Over 100 of the books Asimov listed as his were anthologies (mostly of science fiction, a few in other genres). Those anthologies were compiled and edited by Martin H. Greenberg, sometimes working with Charles Waugh. All Asimov did was write an introduction to the book and a short note on each of the stories, amounting (perhaps) to 10,000 words in all. This work certainly entitled him to have his name on the cover as co-editor, but to say that he wrote those books would be a barefaced lie.

Even Asimov was not equally fluent in all the genres he worked in. He could knock off one of his popular science books in two to four weeks, but a science fiction novel (so he said) took him seven to nine months. It wasn’t the actual writing that took the extra time, but inventing sufficiently interesting ideas and working out their consequences in the story.

Jim Henshaw, the screenwriter, defines creative writing as ‘trying to remember things that haven’t happened yet’. (Apparently this definition is not original with him, but he doesn’t say where he got it from.) The more involved the things are, the more time and effort it takes to ‘remember’ them.

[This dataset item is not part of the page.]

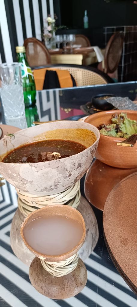 Si vienen, tienen que pedir el jugo de carne. Les digo con toda mi experiencia como Chef: es el mejor que he comido en mucho tiempo. Lo sirven tal cual le gustaba a María: acompañado de un shot de pulque que le da una profundidad de sabor y una acidez que simplemente no tiene comparación. Es un viaje directo a las raíces del México elegante.

An extreme example: Robert A. Heinlein took three solid days to write one line of Space Cadet. It took that long because he had to work out the trajectory to send a manned rocket from the Earth’s surface into geostationary orbit, ten years before anybody put a rocket into any kind of orbit. What’s more, he had to work it out by hand – the public had no access to computers in 1947. (And that does not count the years he spent beforehand learning the necessary physics.)

Of course, few novels call for that kind of rigorous research. And nothing requires it. Even in science fiction, you can fake it, like the writers of Buck Rogers, which was (for a time) enormously successful. But over the years, the fakery became more obvious and less defensible. Many people still read Heinlein today, but you would be hard pressed to find anyone who still reads Buck Rogers. Faked work doesn’t last.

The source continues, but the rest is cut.